In the records below, repeat exactly the lines between the line holding "对于常规的内容展示,使用Re" and the line holding "lardons, champignon de", inclusive, and drop the pictures.

(Stored dataset items)

....

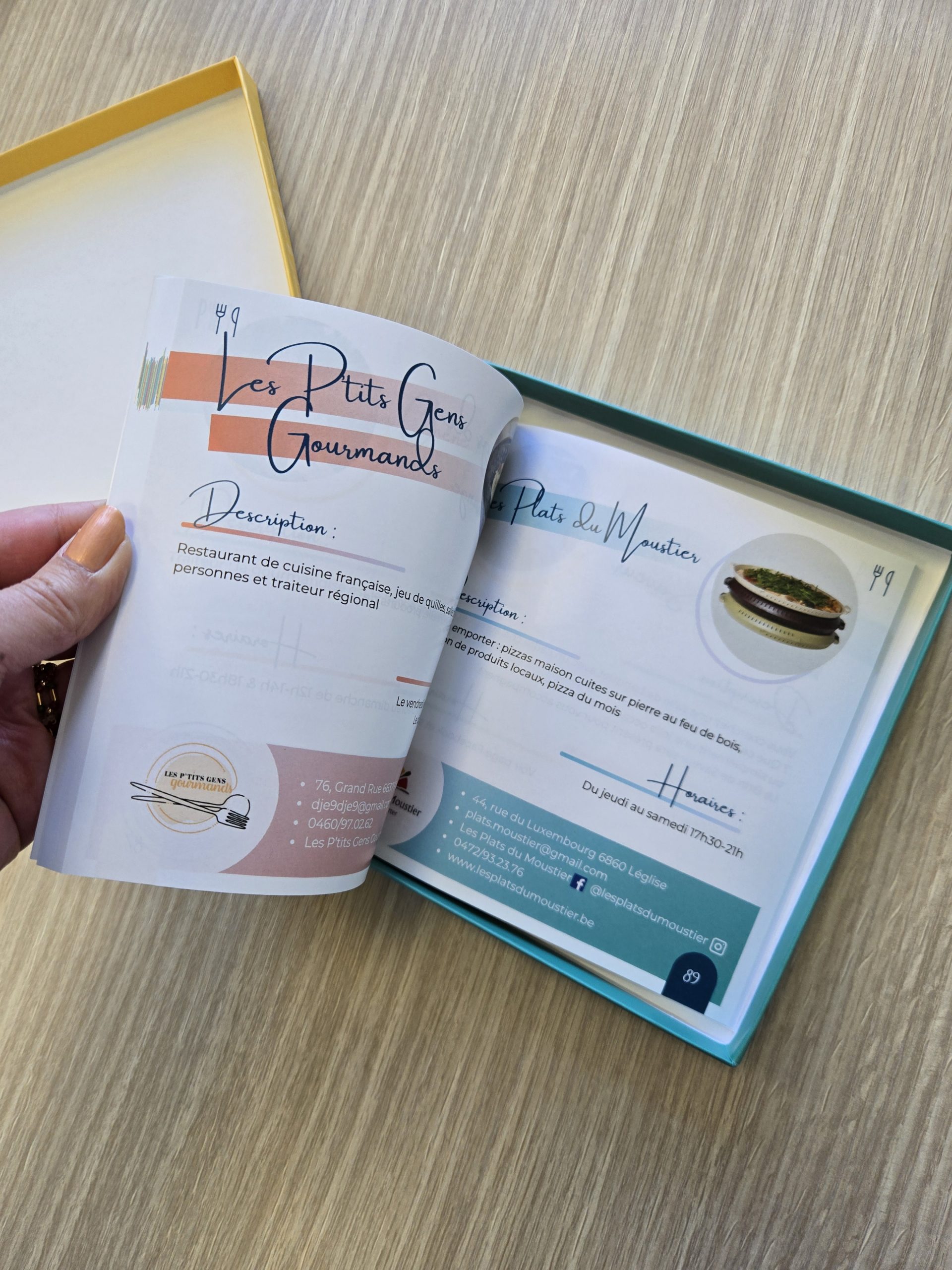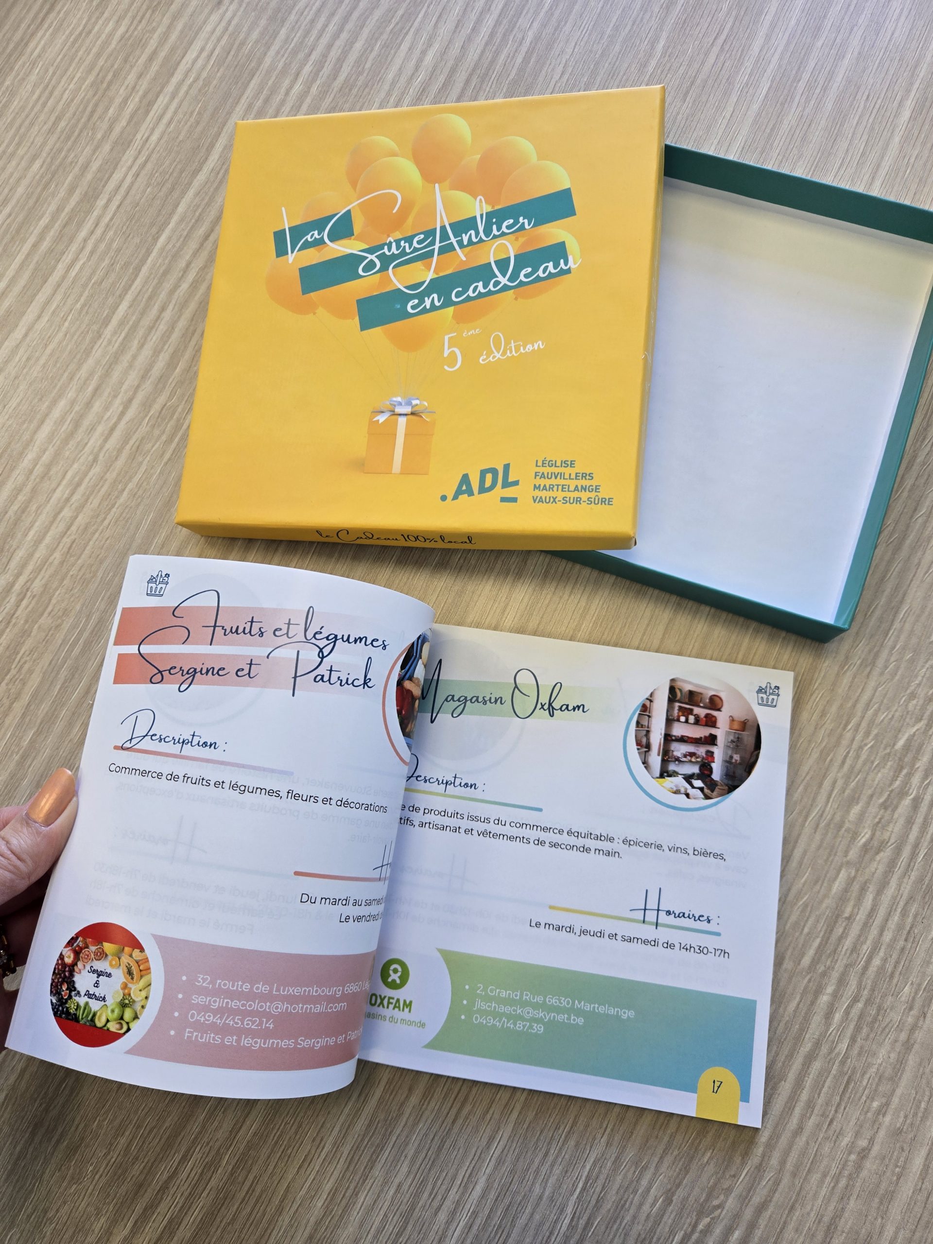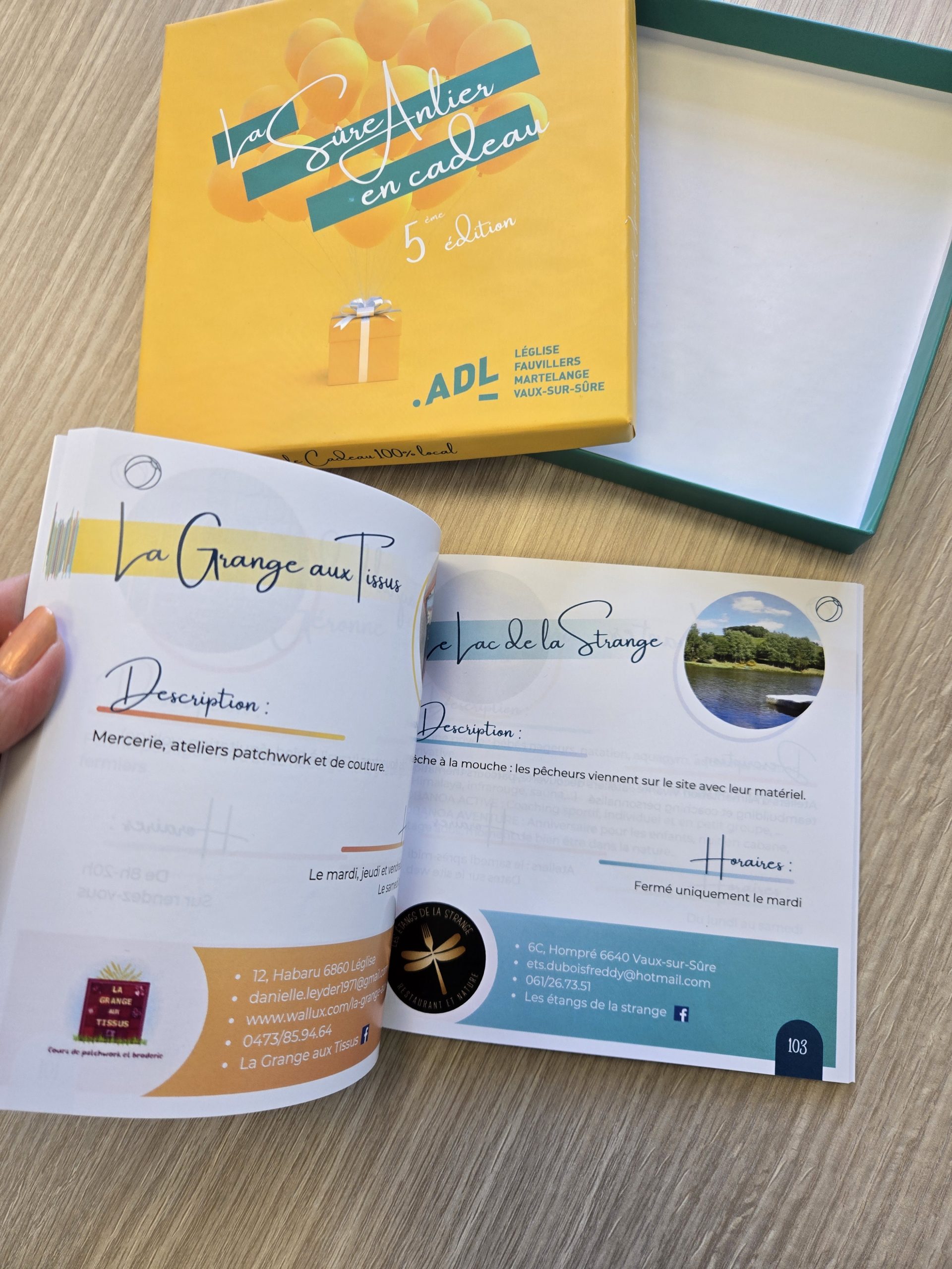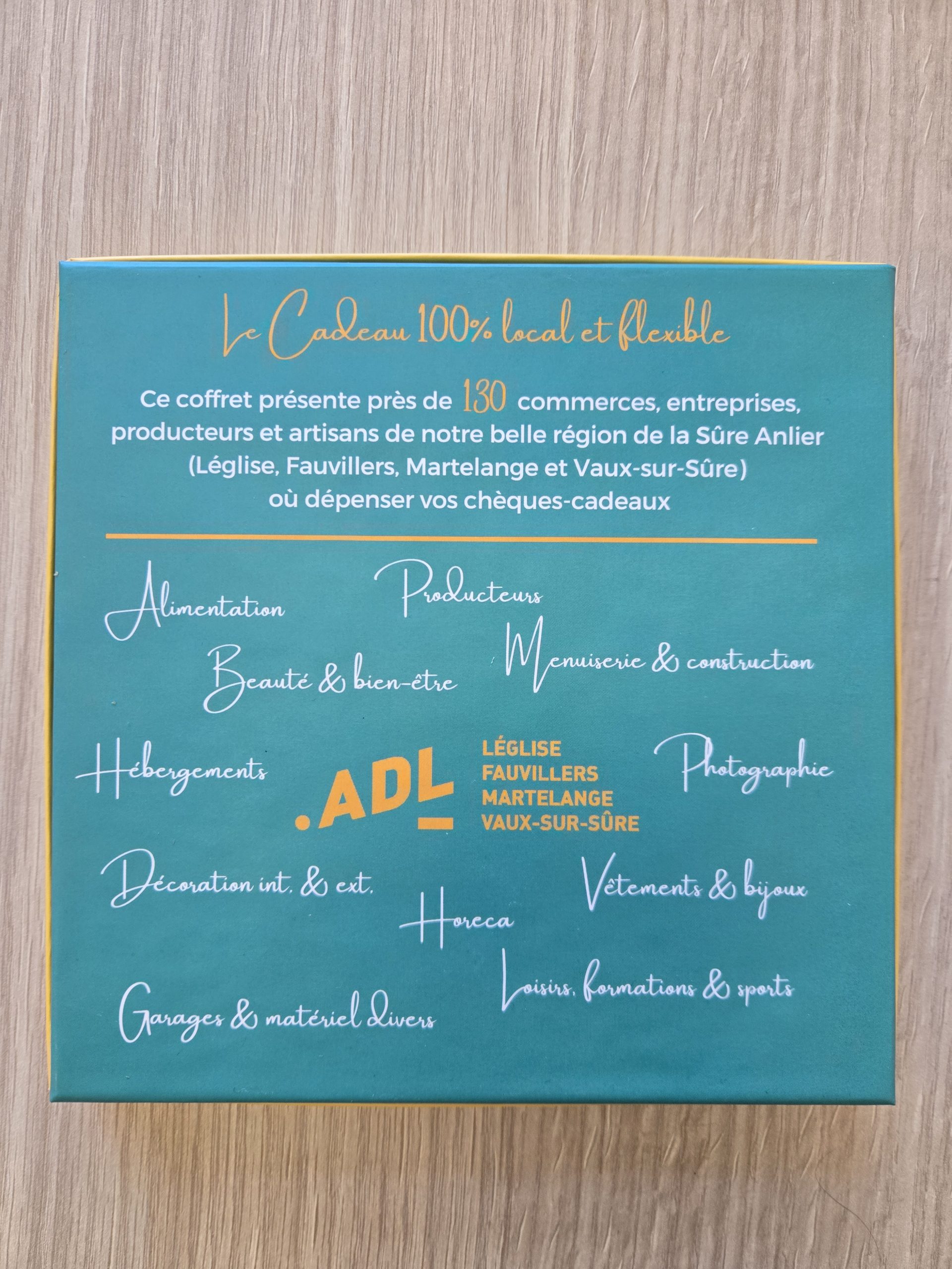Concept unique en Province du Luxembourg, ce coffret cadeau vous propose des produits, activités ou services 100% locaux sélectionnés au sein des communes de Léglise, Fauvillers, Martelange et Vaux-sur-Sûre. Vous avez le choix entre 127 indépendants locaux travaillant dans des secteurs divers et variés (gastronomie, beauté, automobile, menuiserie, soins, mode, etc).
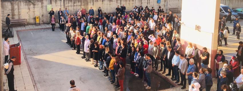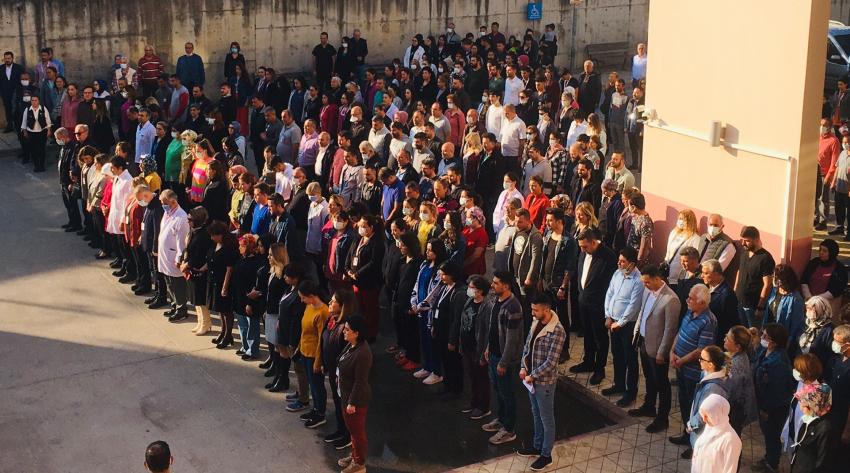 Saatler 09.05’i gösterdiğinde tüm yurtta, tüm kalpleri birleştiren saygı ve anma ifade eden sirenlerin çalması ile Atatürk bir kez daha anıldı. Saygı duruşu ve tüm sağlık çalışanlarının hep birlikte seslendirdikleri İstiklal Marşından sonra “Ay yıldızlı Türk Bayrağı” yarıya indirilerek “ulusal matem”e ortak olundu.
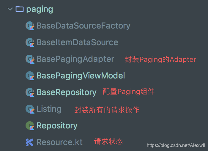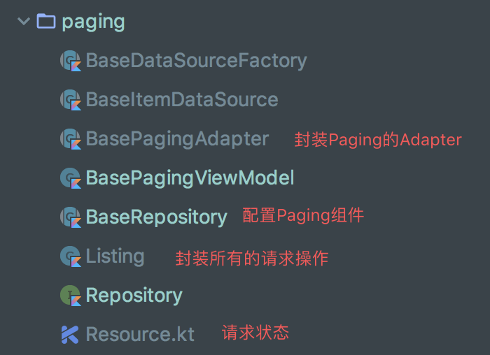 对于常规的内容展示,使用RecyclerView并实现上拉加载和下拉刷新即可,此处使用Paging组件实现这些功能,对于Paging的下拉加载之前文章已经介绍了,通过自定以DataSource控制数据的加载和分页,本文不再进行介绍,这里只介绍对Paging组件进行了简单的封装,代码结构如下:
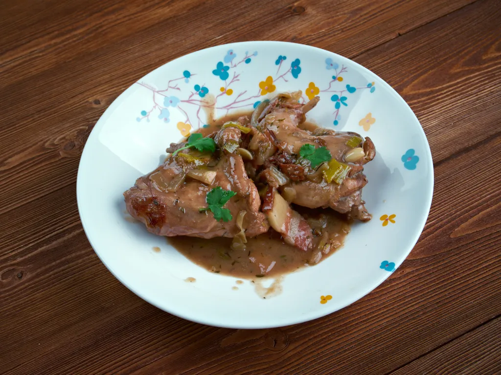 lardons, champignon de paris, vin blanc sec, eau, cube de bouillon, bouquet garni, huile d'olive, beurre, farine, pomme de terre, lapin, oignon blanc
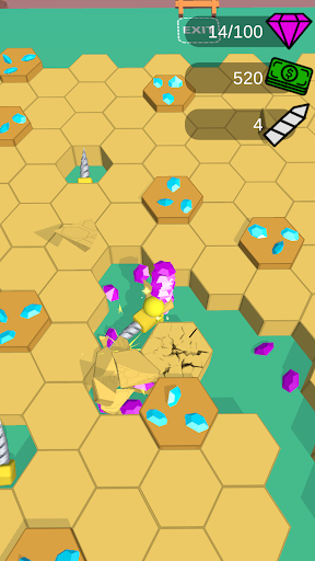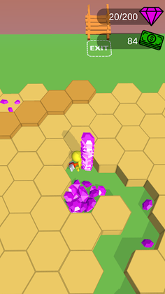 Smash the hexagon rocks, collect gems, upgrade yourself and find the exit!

....

Problem solution:
 对于常规的内容展示,使用RecyclerView并实现上拉加载和下拉刷新即可,此处使用Paging组件实现这些功能,对于Paging的下拉加载之前文章已经介绍了,通过自定以DataSource控制数据的加载和分页,本文不再进行介绍,这里只介绍对Paging组件进行了简单的封装,代码结构如下:
 lardons, champignon de paris, vin blanc sec, eau, cube de bouillon, bouquet garni, huile d'olive, beurre, farine, pomme de terre, lapin, oignon blanc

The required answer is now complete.